Your Teen Just Came Out to You, This is How to Support Them

October 11, 2017

This post was written by LGBTQ+ advocate and volunteer Crisis Text Line Crisis Counselor Nick Chmura with help from the After School Communications Team.

Your teen just came out to you and you’re thinking, “what do I do now?” You may be feeling uncomfortable or nervous about how to react–that’s okay.

Being a teen is challenging. Add the uncertainty and aloneness of being an LGBTQ+ youth without a supportive network, and it can become difficult to manage. Suicide is the second leading cause of death among youth and LGBTQ+ youth are 5 times more likely to attempt suicide than their classmates.

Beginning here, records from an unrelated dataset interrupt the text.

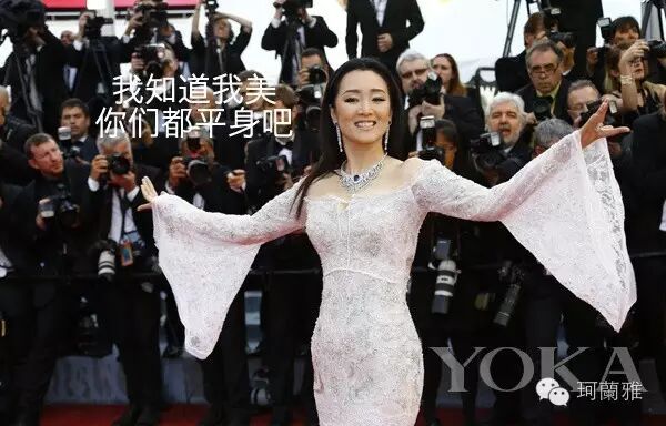 巩俐以这种女王的架势出现在红毯上,这动作让我只想到一句话:我知道我美,你们别跪了,起来吧!这种雍容华贵的样子,舍我其谁的自信与气场,恐怕范冰冰来了也是要甘拜下风的。
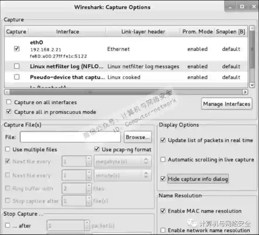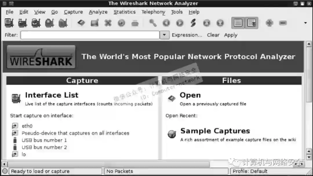 上述指令将启动Wireshark网络协议分析程序。如果要捕捉网络数据,可以在Interface List中选择相应的网卡,如图30所示。
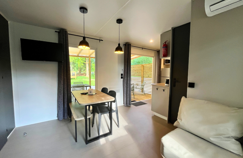 Inside, natural light and warm materials create a soothing atmosphere. The living area includes a fully equipped kitchen opening onto the lounge, a comfortable shower room, and thoughtfully arranged sleeping spaces to ensure restful nights before your activities.
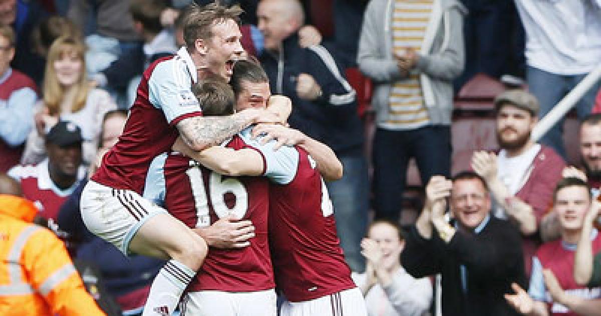 Image: Stewart Downing (right) of West Ham United is mobbed by teammates after scoring against Tottenham Hotspur during their English Premier League match at Upton Park in London on Saturday
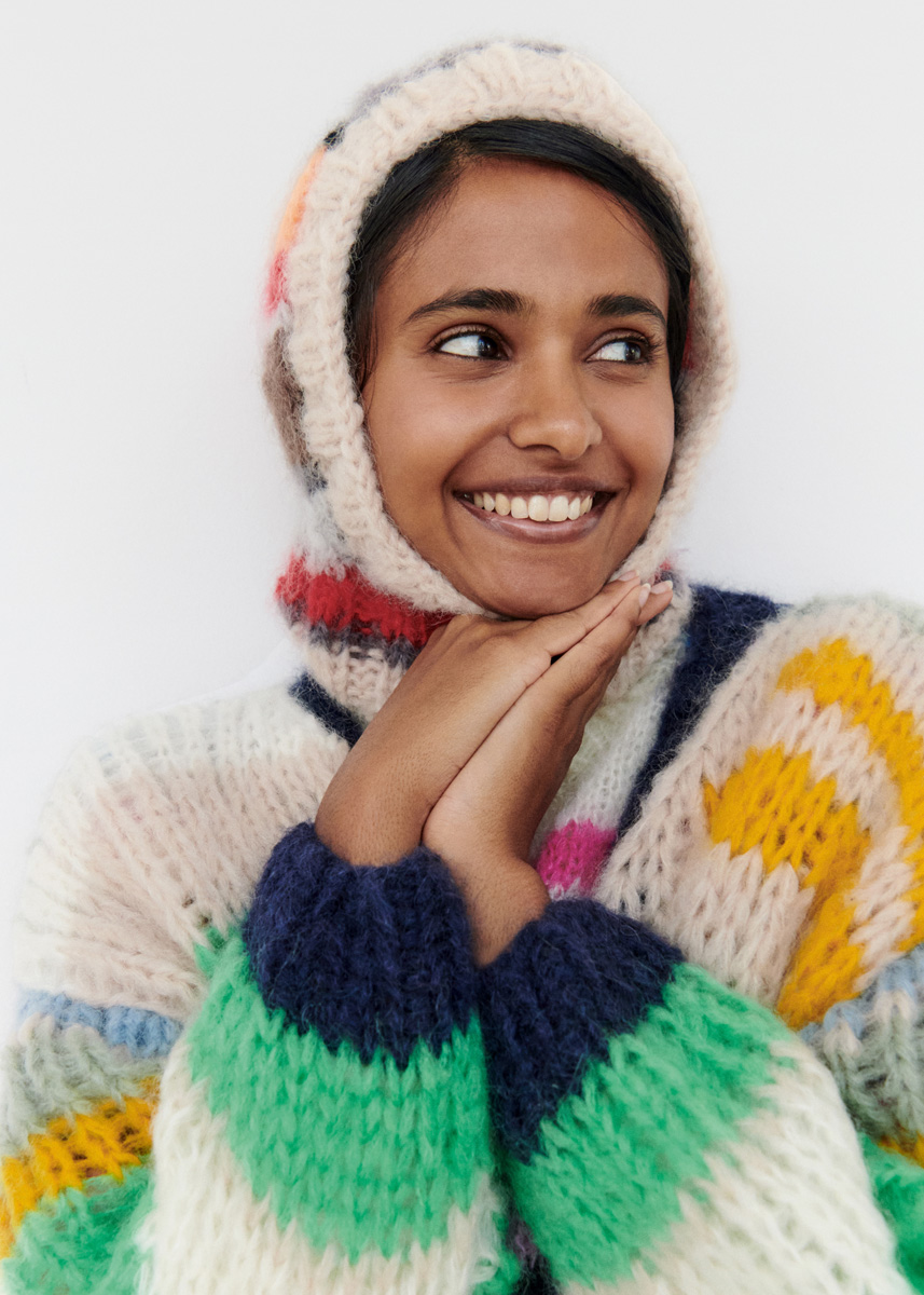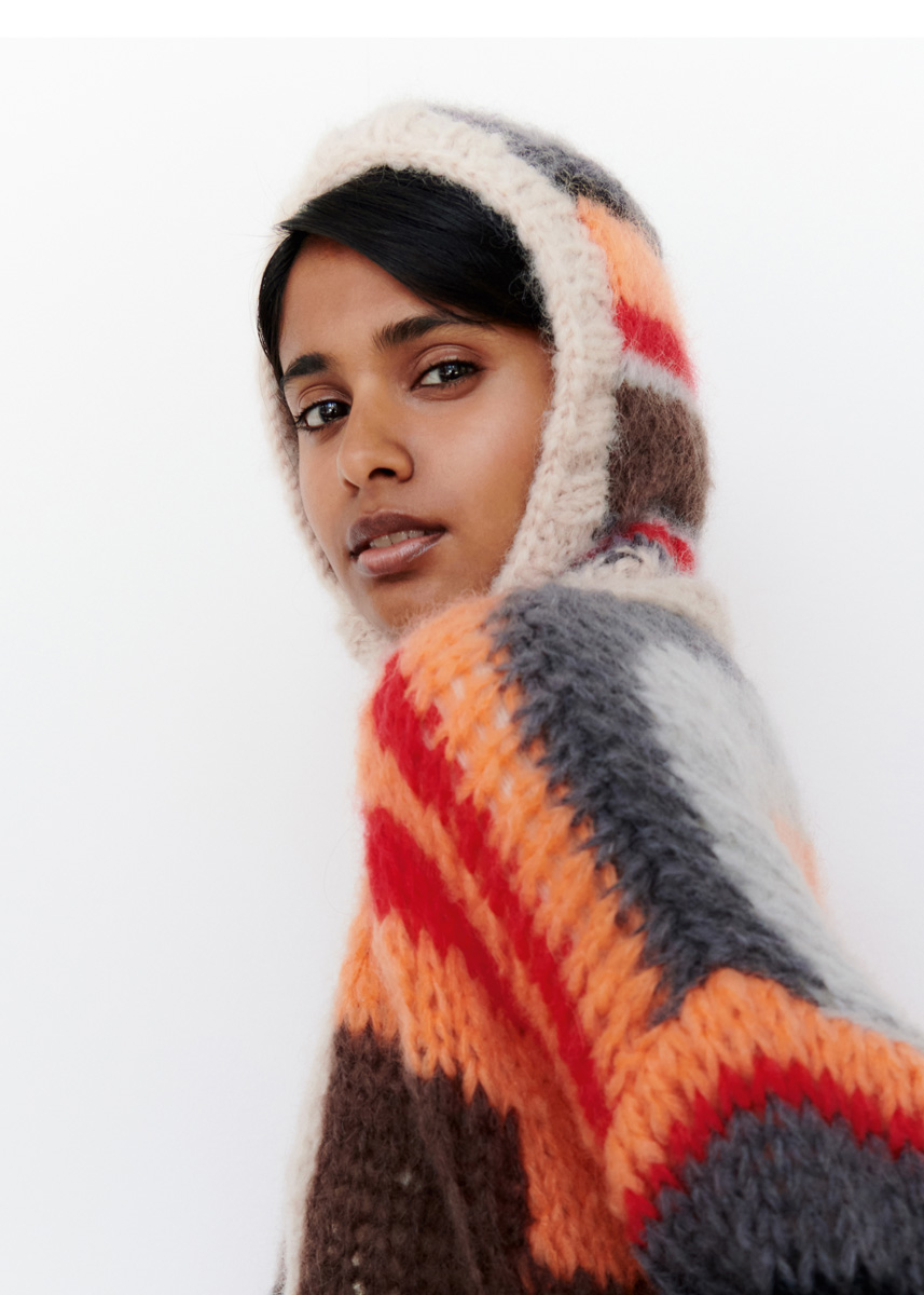 Lana Grossa „Mohair Moda“ (70% mohair (kid mohair), 20% ren ny ull (merino superfin), 10 % polyamid, löplängd 140 m/50 g), Färg-variant 1: 50 g nattblå (färg 5), 50 g grågrön (färg 3), 50 g gul (färg 1), 50 g råvit (färg 18), 50 g gråblå (färg 4), 50 g lindgrön (färg 2), 50 g beige (färg 11); färg-variant 2: 50 g beige (färg 11), 50 g mörkgrå (färg 15), 50 g röd (färg 14), 50 g ljusgrå (färg 17), 50 g svart (färg 16), 50 g mörkbrun (färg 12), 50 g rost (färg 13); färg-variant 3: 50 g råvit (färg 18), 50 g blå (färg 6), 50 g ljusgrå (färg 17), 50 g pink (färg 8), 50 g svart (färg 16), 50 g syrenrosa (färg 9), 50 g violett (färg 7); rundstickor nr. 6 och 7, längd 50 cm
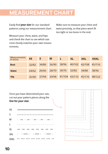 Die Größen XS-XXXL sind als Schnittmuster enthalten. Die genauen Maße der Größen könnt ihr der Größentabelle in den Bildern entnehmen.

“Coming out,” which is defined as the “lifelong process of communicating one’s LGBTQ+ identity to others,” is an important part of an LGBTQ+ teen’s development and their identity. In my experience of working with teens and others that have come out to me, this is what has worked best:

Affirm them

You may be the first person they have every shared this part of themselves with. How might you want someone to react if you were sharing a very intimate part of your identity with them?

I recommend remaining calm and confirming that you heard what they said. You may feel shocked and not totally sure how you feel, but it can go a long way to remain calm and affirm them, for example by saying,  “I hear you, and care about you. I bet that’s been hard to keep in.”

Avoid judging

If we have an opinion on their recently-shared identity, it could be tempting to immediately share it: “OH MY GOSH, I have always known you were trans*,” or “it’s okay, I have lots of lesbian friends.” Saying something along these lines could be harmful.

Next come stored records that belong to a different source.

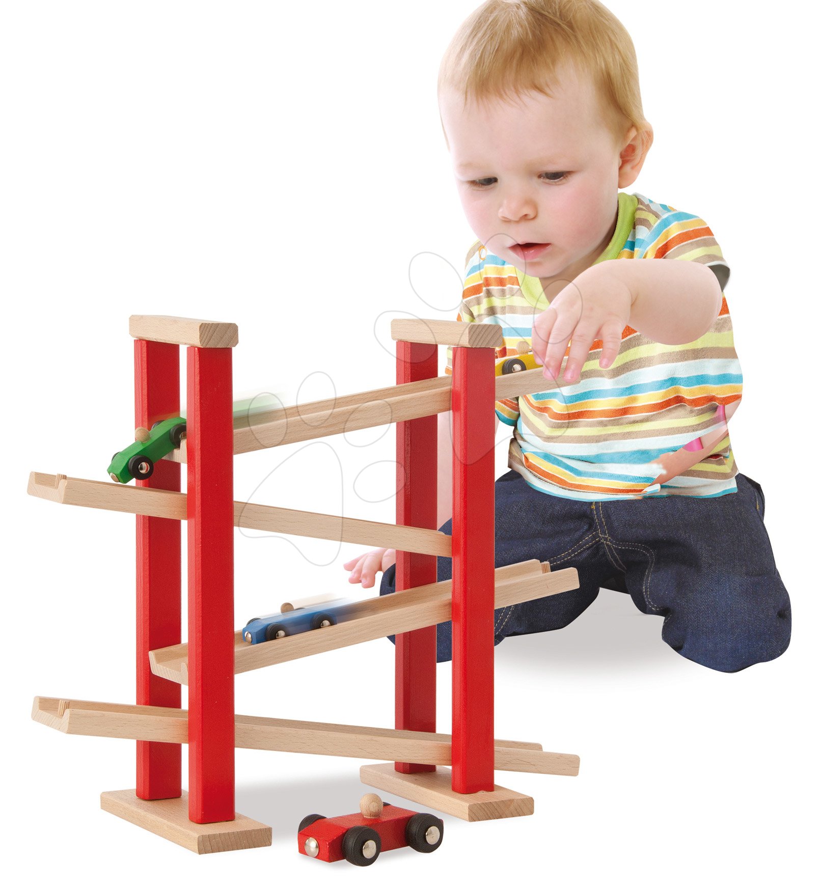 Dřevěné spouštěcí autodráhy Eichhorn za skvělé ceny. dřevěná kuličková autodráha Race Track se 4 autíčky potěší chlapce i dívky od 12 měsíců.
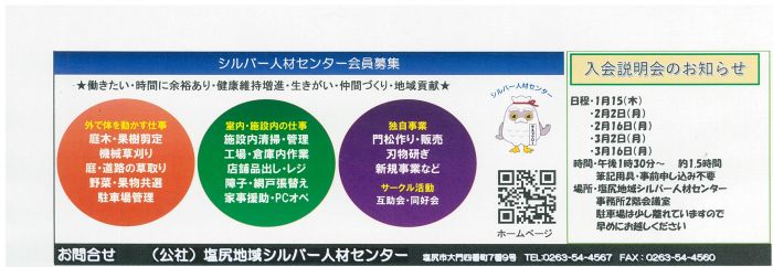 会員募集案内をPDFで見えやすくしました。就業するお仕事、独自事業のお仕事、サークル活動などをご案内。
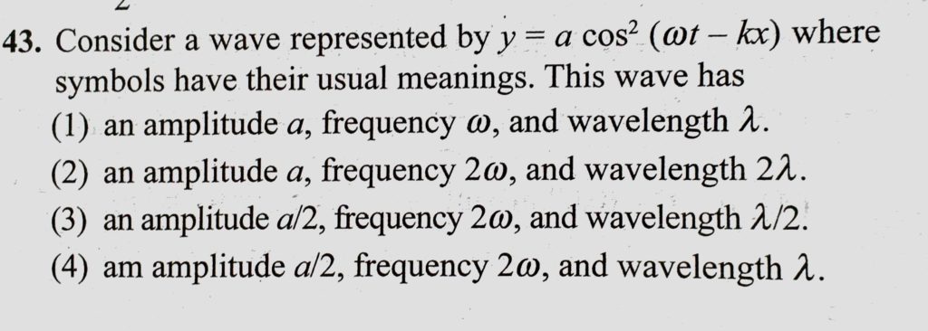 Consider a wave represented by y = a cos^2 (omega t – kx) where symbols have their usual meanings. This wave has Consider a wave represented by y = a cos^2 (omega t - kx) where symbols have their usual meanings. This wave has November 1, 2020 Category: Uncategorised (JEE Advanced Physics by BM Sharma + GMP Solutions) , Facebook Messenger WhatsApp Share this:TwitterFacebook Related

Coming out is a sensitive topic. What you say could be received in a way that you didn’t intend; saying less can be best. This is their time—so put aside any instinct to immediately respond, and give them the space to share this part of their identity and how they feel with you.

Process your feelings

Your teen just came out to you, and you don’t know what you are feeling. You’re not sure how other people in your life are going to react, if it’s real or even what all the terms mean. That is okay, it’s normal. Take some time to work through your feelings.  Consider journaling or finding another way to process what you are feeling, just remember to respect your teen’s privacy

Educate yourself

Our society is designed around the idea that “normal” is men and women being romantically and sexually attracted to the other; this is called heteronormativity. This supposed norm may not be the reality for your teen, so it is important that you try to educate yourself about their way of life.

It can be tempting to ask them a bunch of questions right away, feeling like you are showing that you care. But that approach could make them feel like they are being judged or interrogated, when they are just seeking acceptance from you. Use books, online resources, and people in your life to learn more about your teen’s identity. You may never understand completely how they are feeling, but your effort will show them you care and lessen the pressure on them to educate you.

When your teen shares with you about their LGBTQ+ identity, it’s important to affirm their experience, avoid judging, process your feelings, and educate yourself. There are a lot of great resources online; I recommend checking out The Trevor Project and TSER.